Okteto, a startup that makes it easier for developers to quickly spin up Kubernetes-based development environments in order to speed up their development process, today announced that it has raised a $15 million Series A funding round.
The round was led by Two Sigma Ventures, with existing investors Haystack, Root Ventures and Uncorrelated Ventures also participating, as well as a number of individual investors, including LaunchDarkly founder and CTO John Kodumal, Replicated founders Grant Miller and Marc Campbell, FingerprintJS founder and CEO Dan Pinto, Bitnami founder Erica Brescia and Mesosphere founder Florian Leibert.
The company, which participated in Y Combinator’s Winter 2019 class, already counts companies like Monday.com, LaunchDarkly and Replicated among its customers.
As Okteto co-founder and CEO Ramiro Berrelleza told me, the idea for the service came from his experience at companies like Microsoft and Atlassian. There, he noticed that Kubernetes and microservices made life easier for operations teams, but not necessarily for developers.

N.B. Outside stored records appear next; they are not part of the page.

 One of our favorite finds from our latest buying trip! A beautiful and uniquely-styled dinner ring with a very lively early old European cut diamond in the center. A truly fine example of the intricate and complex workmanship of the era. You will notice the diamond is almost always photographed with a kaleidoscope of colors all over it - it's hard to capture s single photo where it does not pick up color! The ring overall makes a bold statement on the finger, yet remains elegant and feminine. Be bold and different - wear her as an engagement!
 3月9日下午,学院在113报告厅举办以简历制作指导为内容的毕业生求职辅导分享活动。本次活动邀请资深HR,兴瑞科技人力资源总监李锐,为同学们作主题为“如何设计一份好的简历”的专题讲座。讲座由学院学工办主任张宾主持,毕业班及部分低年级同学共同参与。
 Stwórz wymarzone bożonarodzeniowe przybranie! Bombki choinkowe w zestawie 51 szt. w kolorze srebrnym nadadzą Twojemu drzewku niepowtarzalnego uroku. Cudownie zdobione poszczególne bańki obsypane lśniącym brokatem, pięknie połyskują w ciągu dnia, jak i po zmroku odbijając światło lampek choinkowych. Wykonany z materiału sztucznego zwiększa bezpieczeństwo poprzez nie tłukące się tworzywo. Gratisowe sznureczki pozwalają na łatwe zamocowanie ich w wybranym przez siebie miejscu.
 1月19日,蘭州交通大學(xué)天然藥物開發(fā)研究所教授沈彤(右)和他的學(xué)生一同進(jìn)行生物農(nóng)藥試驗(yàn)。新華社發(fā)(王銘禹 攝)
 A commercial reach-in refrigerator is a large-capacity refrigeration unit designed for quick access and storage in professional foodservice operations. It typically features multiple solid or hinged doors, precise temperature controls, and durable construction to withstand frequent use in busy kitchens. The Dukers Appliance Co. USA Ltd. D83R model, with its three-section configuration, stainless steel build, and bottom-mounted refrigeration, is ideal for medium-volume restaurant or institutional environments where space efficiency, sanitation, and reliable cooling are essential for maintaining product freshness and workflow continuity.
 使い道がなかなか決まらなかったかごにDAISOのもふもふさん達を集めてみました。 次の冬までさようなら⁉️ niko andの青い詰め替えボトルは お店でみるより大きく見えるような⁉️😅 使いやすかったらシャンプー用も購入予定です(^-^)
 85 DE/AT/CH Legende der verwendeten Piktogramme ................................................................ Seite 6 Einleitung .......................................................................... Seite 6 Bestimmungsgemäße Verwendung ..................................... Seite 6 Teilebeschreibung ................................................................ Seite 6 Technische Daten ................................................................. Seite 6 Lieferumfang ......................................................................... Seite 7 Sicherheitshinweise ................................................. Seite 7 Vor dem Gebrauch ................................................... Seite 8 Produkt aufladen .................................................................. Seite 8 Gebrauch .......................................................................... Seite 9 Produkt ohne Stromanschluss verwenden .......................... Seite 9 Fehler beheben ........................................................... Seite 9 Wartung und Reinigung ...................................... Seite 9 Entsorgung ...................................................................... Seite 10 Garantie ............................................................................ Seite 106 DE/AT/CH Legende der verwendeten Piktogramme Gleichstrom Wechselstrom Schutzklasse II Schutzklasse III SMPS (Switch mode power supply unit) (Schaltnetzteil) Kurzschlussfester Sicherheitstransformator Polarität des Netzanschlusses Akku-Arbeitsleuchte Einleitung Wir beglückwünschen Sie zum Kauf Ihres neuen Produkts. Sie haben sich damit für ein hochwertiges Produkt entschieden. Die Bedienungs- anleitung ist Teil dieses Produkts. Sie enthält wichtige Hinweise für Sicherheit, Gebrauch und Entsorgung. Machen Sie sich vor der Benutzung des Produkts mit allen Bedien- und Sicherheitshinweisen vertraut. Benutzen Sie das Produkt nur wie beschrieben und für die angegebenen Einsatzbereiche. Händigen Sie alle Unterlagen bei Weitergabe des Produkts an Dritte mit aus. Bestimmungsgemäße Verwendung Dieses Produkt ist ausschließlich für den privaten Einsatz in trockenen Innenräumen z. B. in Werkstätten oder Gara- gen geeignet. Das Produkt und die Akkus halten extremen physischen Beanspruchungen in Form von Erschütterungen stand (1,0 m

“You have all of these really cool tools for production, deployment, containers, Kubernetes, microservices — but what I saw from my side as a developer was, ‘hey, all this is great, I see why it’s super useful for production — it all makes a lot of sense — but it makes my life as a developer harder,'” he said, comparing today’s development practices with tools like Ruby on Rails or the kinds of server applications he built at Atlassian. When Berrelleza met with his co-founders Pablo Chico de Guzman (CTO), who was previously at Docker, and Ramon Lamana (CPO), who previously worked at Atlassian, they realized that they all faced the exact same problems. As is so often the case, that’s what gave the team the impetus to try to solve this issue once and for all.
The core idea behind Okteto is that the development environment should look exactly like the production environment. “The first key was that we need to give developers access to something that is as close to production as possible — without the complexities of having to wait for things to be deployed and having to go through all this build process,” he said.

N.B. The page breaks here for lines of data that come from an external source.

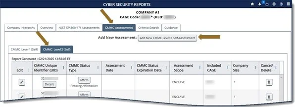 Add New CMMC Level 2 Self-Assessment: Within the CMMC Assessments and CMMC Level 2 (Self) tabs, select “Add New Level 2 CMMC Self-Assessment”.
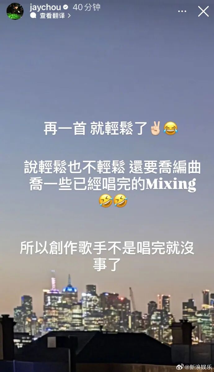 2月24日晚,周杰伦在社交平台更新限时动态,透露新专辑再一首就轻松了,还称说轻松也不轻松,还要定编曲、一些已经唱完的Mixing,“所以创作歌手不是唱完就没事了。”越来越期待了!
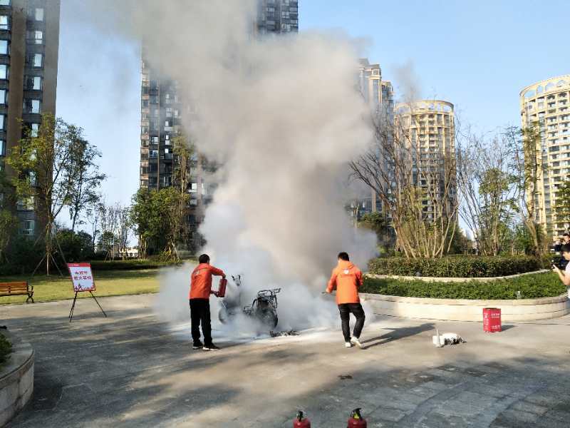 一辆黑色电动车被熊熊大火所吞噬,大片黑烟飘向空中,一块块被熔化的黑胶滴落在地上,空气中散发着难闻的焦臭气,火焰产生的热浪引得围观者连连后退。几分钟后,两名身穿橘色消防衣的男子用灭火器将其熄灭。11月7日下午,在广安承平盛世小区的空地上,消防员正在向居民们演示当电动车燃起来时,如何用灭火器科学有效地将其扑灭。而该演示也作为广安市2020年度“119”消防宣传月活动之一,在互联网平台上直播。

With Okteto, developers get remote dev environments running on Kubernetes clusters with all of the microservices, databases and other services that would run in their production environment — and once they are done with their work, they can shut down the environment just as easily.
Berrelleza noted that part of the company’s philosophy is to ensure that its service integrates with a developer’s existing workflow. So if there is already a Docker Compose file that codifies the production environment, Okteto can take that to set up the dev environment, too, for example (or developers can write their own okteto.yml manifests, too).

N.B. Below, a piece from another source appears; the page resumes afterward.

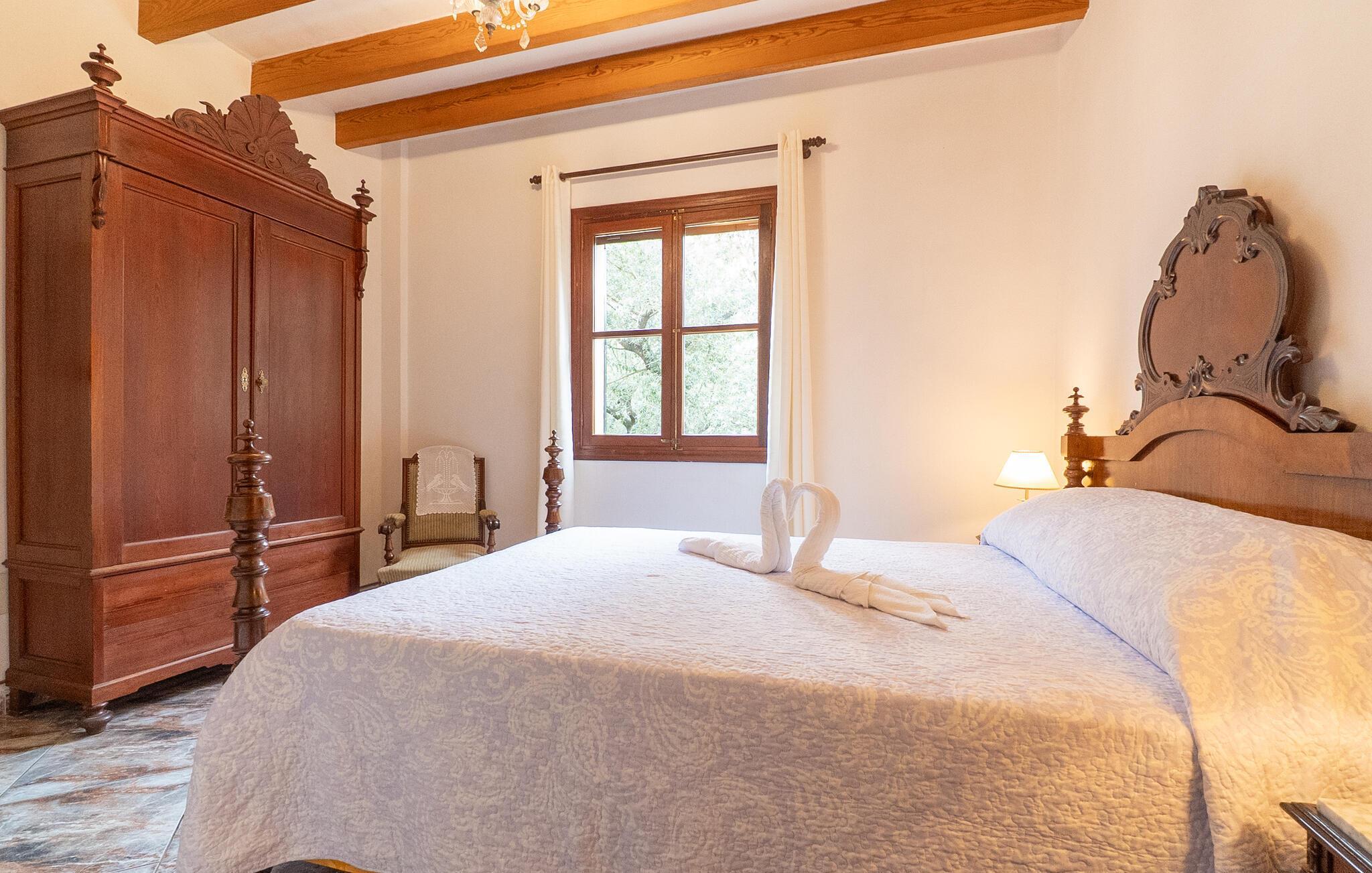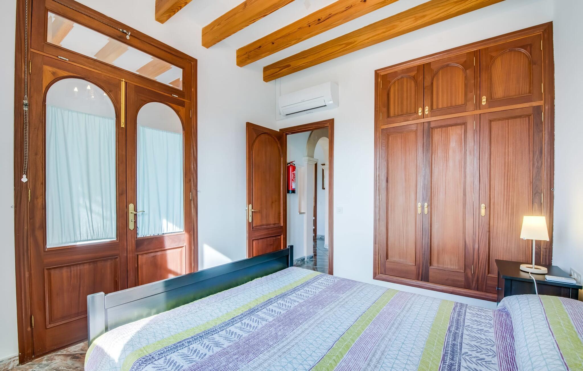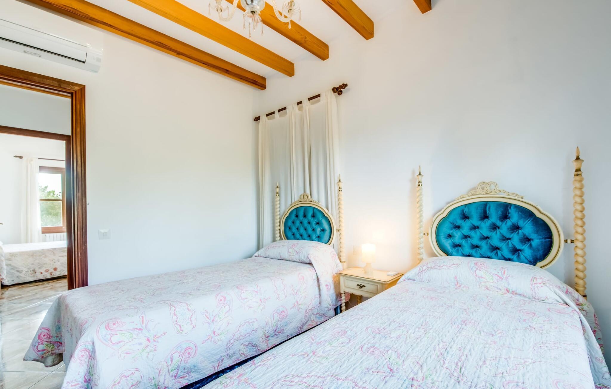 Flankeret af høje palmer er dette bondehus en absolut perle med et helt særligt udeområde. Ikke alene er der masser af plads til at hvile og slappe af. En særlig stemning skabes af den smukke græsplæne og de gamle stenge, som emmer af meget naturlighed og hygge. En omhyggeligt designet terrasse og poolområde fuldender billedet effektivt, og her har du valget mellem indbydende åbne og overdækkede områder på forskellige niveauer: enten sammen ved langbordet ved det smukke udsigtsområde direkte ved huset, på en af de komfortable liggestole ved siden af. til det, uanset om det er ved poolen eller på balkonen - hvert sted har sin egen specielle charme. Poolen med dets dekorative bugtende mønster og romerske trin lover en vidunderlig måde at køle af på. Om aftenen bør du helt sikkert udnytte den skønne atmosfære til at sidde udenfor og måske nyde et par lækkerier fra grillen i en venlig atmosfære. Dette er et Fincallorca feriehus. Dette feriehus på Mallorca har også meget at byde på, når det kommer til velholdt interiør. På grund af det eksisterende klimaanlæg og varme er dette også muligt året rundt under absolut komfortable forhold. Takket være det rummelige opholdsrum kan du nyde en masse privatliv, selv når du er fuldt optaget. De smarte gulvfliser udstråler en elegant flair, som harmonisk komplementeres af de klassiske mallorcanske møbler. Dekorative stoffer og belysning komplementerer den værdige atmosfære. En kombineret stue og spisestue åbner ud til entreen med en bred bue. Herfra kommer I til det fuldt udstyrede køkken, der bekvemt er udstyret med en ekstra spiseplads og udgang til terrassen samt dør til stue-alrum. Et soveværelse med dobbeltseng og et badeværelse er også i stueetagen, yderligere fire soveværelser til to gæster hver og to badeværelser er på husets øverste etage. De smukke synlige bjælker i kombination med træmøbler skaber en hyggelig atmosfære i alle afslapningsrum. Bondegård "Sa Font d'Alt" - et højkvalitetshus med attraktive detaljer i en fantastisk beliggenhed! Stuehuset "Sa Font d'Alt" har en særdeles attraktiv beliggenhed nær den maleriske by Artà i den østlige del af Mallorca. Det er beliggende på en parklignende ejendom på næsten 6.000 m² med en fantastisk bestand af gamle træer. På grund af sin beliggenhed tæt på den akustisk mærkbare vej kan man fra stuehuset hurtigt og nemt komme til forskellige smukke udflugtsmål i omegnen. De nærmeste strande ligger 10 til 12 km væk. Bemærk venligst, at denne ejendom ikke accepterer ungdomsgrupper eller polterabender. En ungdomsgruppe på denne ejendom består af personer på 35 år eller derunder. Book ikke denne ejendom, hvis du er en ungdomsgruppe eller polterabend, da din reservation vil blive afvist, når den er booket, hvilket også kan være tilfældet ved ankomst til ejendommen eller under dit ophold, og du vil ikke modtage en refusion

The team is looking to expand its feature set to go beyond setting up dev environments to also include tools for writing tests, but also to extend its ephemeral environments to more use cases. Last year, it shipped what the company calls “preview environments,” for example, which its customers can use to show off the current state of a project to their own customers, designers or other stakeholders who wouldn’t typically be part of the software development process. “The software development process is not just writing code. The more you can bring in these people early on in the cycle, the better it is for everyone,” Berrelleza said.
Okteto isn’t the only company tackling this issue. Just yesterday, Signadot launched its service into public beta and it, too, promises to provide developers with faster feedback loops thanks to its ability to quickly spin up production-like environments for testing. Both companies take slightly different approaches to this from a technical perspective, but their goals are very similar.